▸ **Entries shown**:
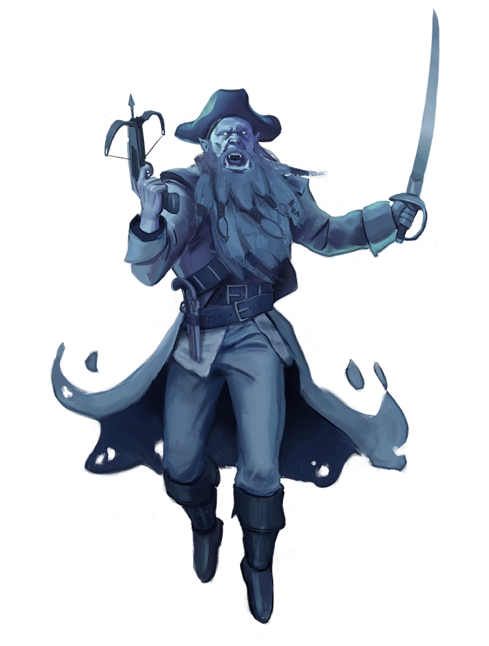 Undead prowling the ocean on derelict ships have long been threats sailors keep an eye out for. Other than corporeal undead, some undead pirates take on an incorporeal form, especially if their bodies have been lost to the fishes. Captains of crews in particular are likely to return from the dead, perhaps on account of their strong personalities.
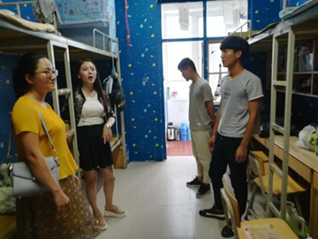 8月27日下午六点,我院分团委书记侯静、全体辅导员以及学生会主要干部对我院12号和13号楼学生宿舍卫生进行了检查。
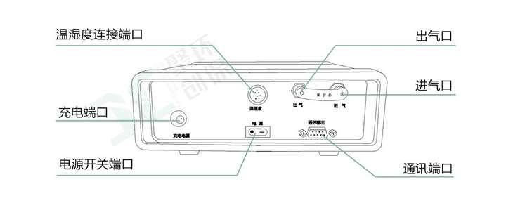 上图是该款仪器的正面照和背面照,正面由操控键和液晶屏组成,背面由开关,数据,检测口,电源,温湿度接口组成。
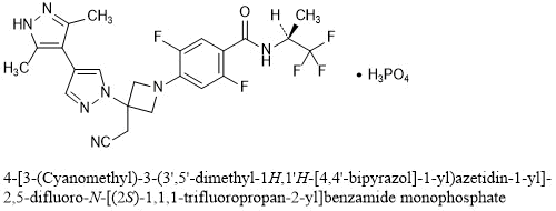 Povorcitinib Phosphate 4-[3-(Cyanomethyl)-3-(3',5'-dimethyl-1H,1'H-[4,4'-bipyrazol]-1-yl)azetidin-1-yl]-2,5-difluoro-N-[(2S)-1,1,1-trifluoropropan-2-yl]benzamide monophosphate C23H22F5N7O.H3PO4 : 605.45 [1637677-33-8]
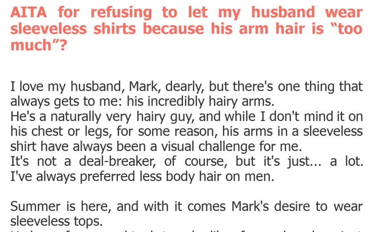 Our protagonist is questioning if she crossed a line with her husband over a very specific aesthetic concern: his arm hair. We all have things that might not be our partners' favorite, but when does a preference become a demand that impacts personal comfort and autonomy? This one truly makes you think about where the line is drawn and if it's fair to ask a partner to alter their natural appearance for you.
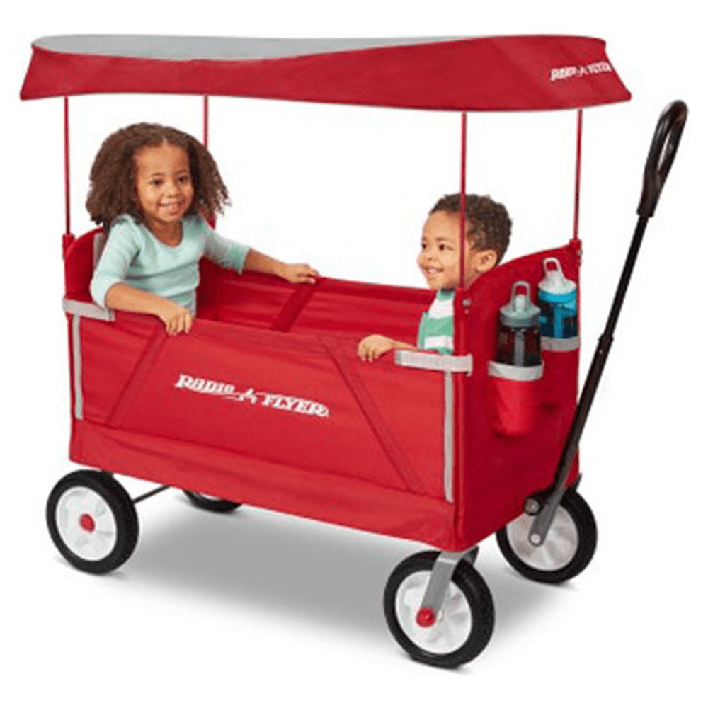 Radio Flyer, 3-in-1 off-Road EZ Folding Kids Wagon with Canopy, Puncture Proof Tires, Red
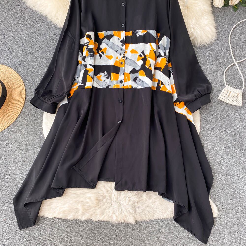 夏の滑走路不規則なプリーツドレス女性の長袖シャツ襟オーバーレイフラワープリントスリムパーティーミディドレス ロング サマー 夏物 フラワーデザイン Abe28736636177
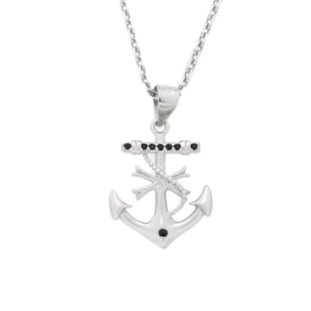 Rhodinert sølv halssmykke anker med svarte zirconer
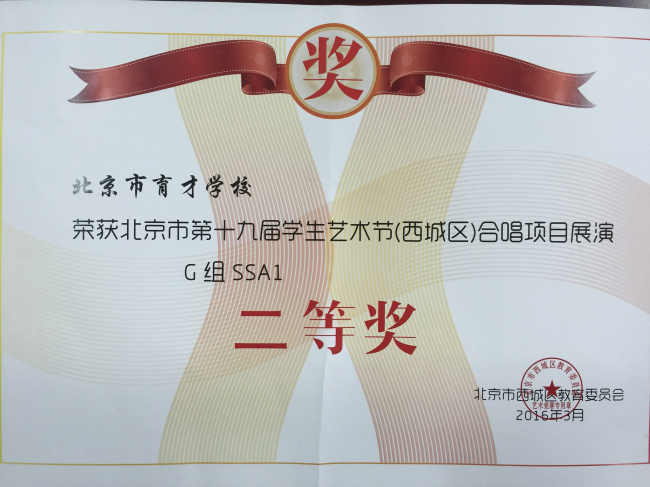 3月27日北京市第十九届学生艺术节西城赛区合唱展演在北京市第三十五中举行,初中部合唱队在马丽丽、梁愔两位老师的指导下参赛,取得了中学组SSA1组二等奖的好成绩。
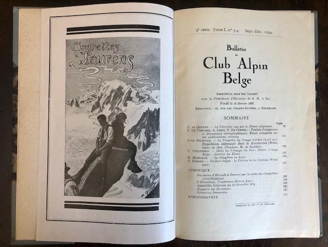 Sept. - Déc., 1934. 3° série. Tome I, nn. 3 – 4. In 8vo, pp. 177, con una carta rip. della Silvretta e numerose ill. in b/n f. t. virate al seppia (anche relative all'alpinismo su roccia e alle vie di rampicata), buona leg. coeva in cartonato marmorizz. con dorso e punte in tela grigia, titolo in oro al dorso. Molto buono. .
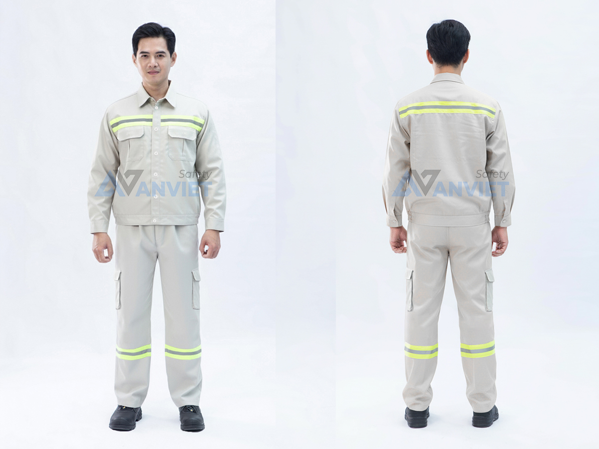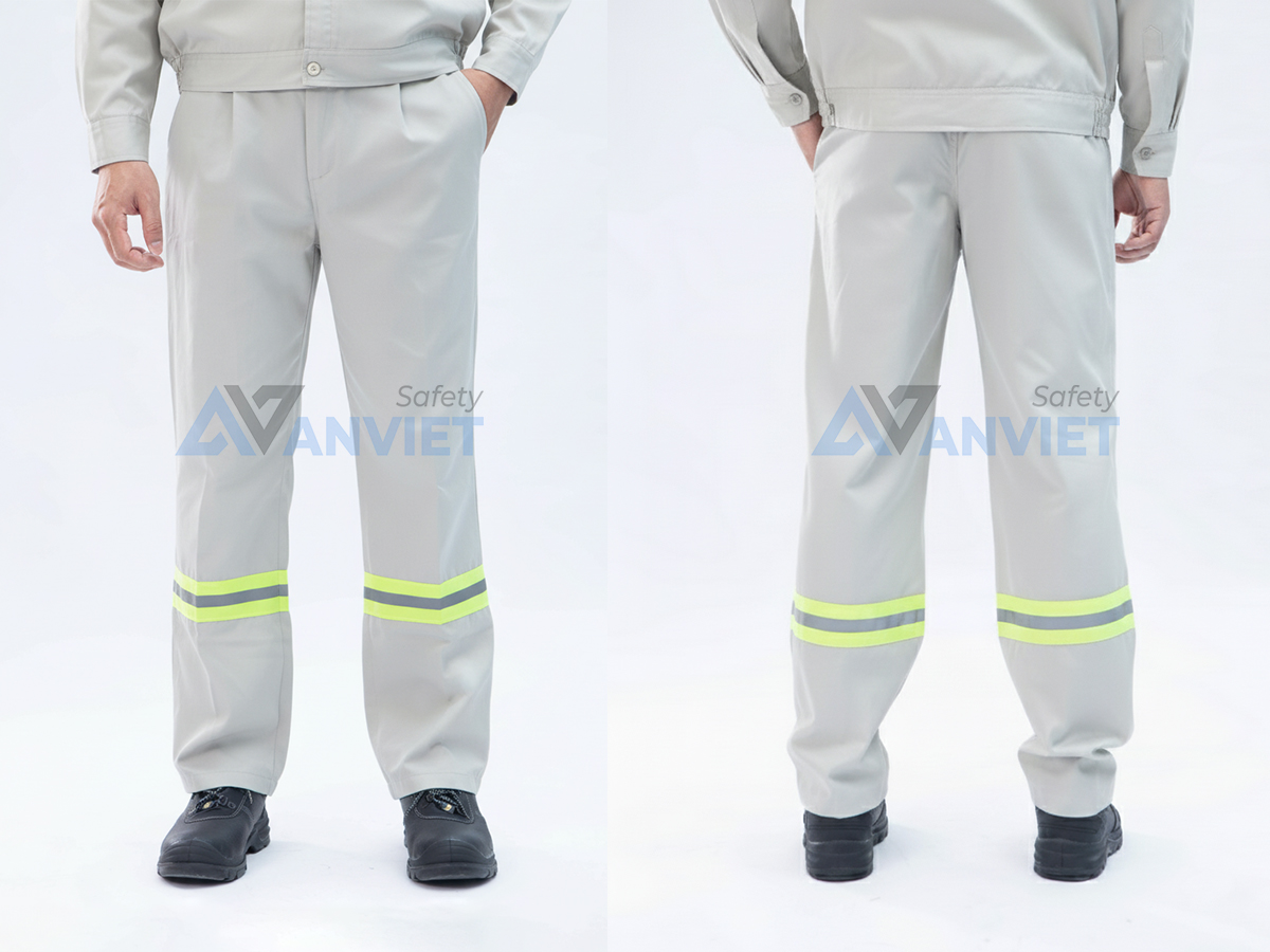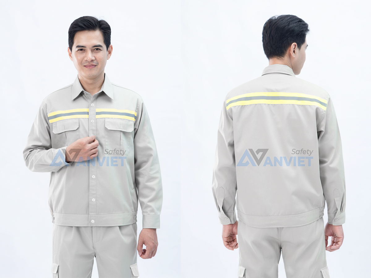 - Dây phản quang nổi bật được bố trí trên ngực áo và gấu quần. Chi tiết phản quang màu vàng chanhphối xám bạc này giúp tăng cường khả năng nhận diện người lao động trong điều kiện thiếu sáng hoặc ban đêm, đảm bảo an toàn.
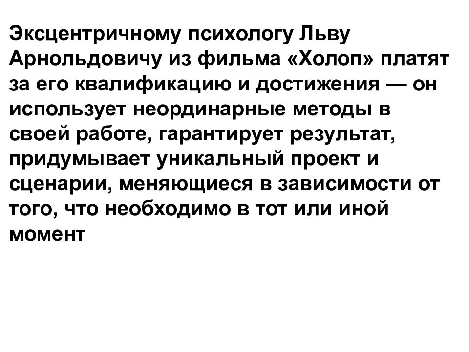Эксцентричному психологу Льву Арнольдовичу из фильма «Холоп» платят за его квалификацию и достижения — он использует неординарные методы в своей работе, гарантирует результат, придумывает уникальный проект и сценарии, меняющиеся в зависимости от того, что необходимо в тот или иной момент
==
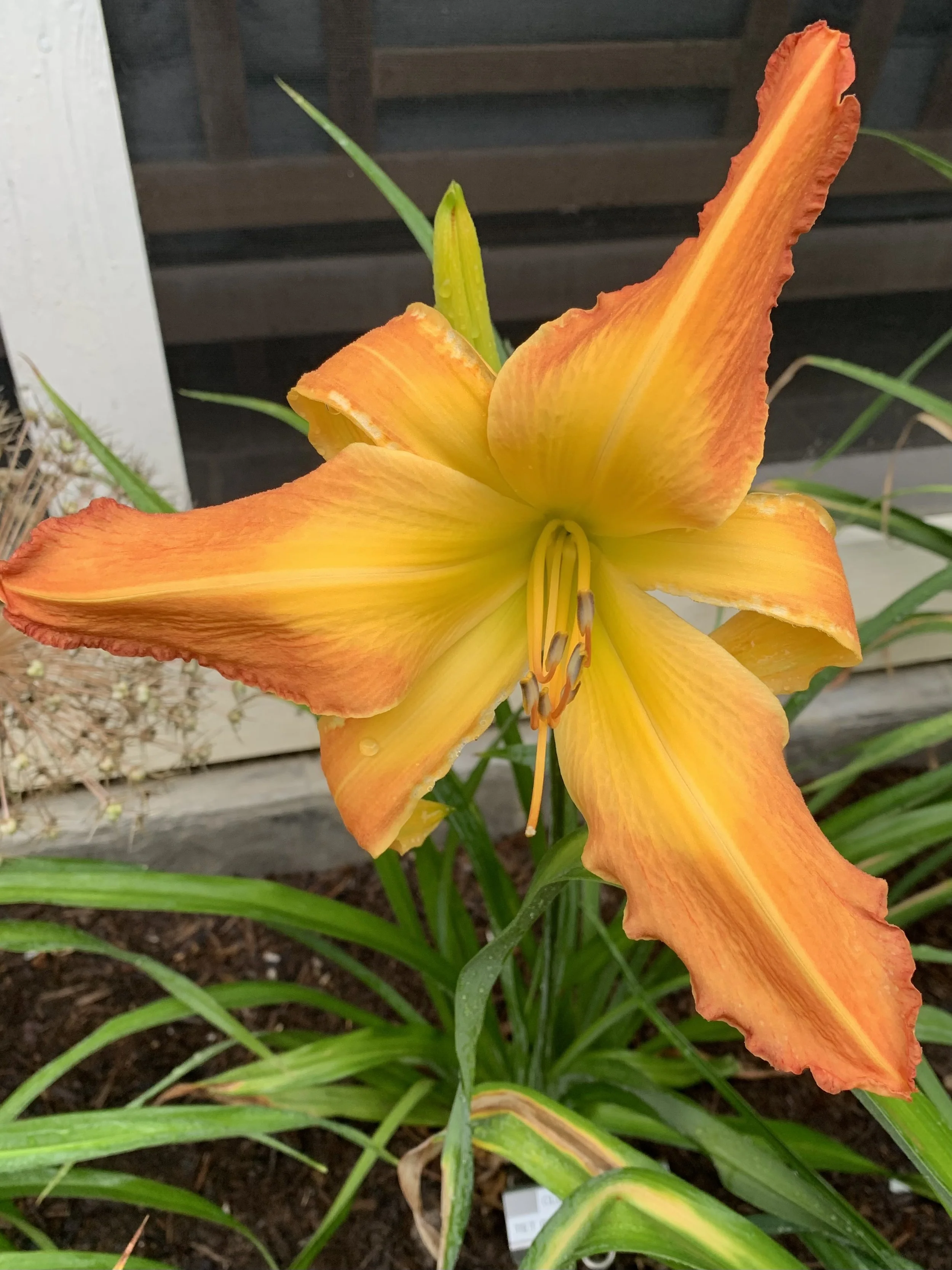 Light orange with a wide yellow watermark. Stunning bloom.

▸ **Task to complete**: Where a picture appears in the records above, omit it, and transcribe exactly the stretch of lines from the one with "Radio Flyer, 3-in-1" through the one with "Sept. - Déc., 1934.".

▸ **Answer to the problem**:
 Radio Flyer, 3-in-1 off-Road EZ Folding Kids Wagon with Canopy, Puncture Proof Tires, Red
 夏の滑走路不規則なプリーツドレス女性の長袖シャツ襟オーバーレイフラワープリントスリムパーティーミディドレス ロング サマー 夏物 フラワーデザイン Abe28736636177
 Rhodinert sølv halssmykke anker med svarte zirconer
 3月27日北京市第十九届学生艺术节西城赛区合唱展演在北京市第三十五中举行,初中部合唱队在马丽丽、梁愔两位老师的指导下参赛,取得了中学组SSA1组二等奖的好成绩。
 Sept. - Déc., 1934. 3° série. Tome I, nn. 3 – 4. In 8vo, pp. 177, con una carta rip. della Silvretta e numerose ill. in b/n f. t. virate al seppia (anche relative all'alpinismo su roccia e alle vie di rampicata), buona leg. coeva in cartonato marmorizz. con dorso e punte in tela grigia, titolo in oro al dorso. Molto buono. .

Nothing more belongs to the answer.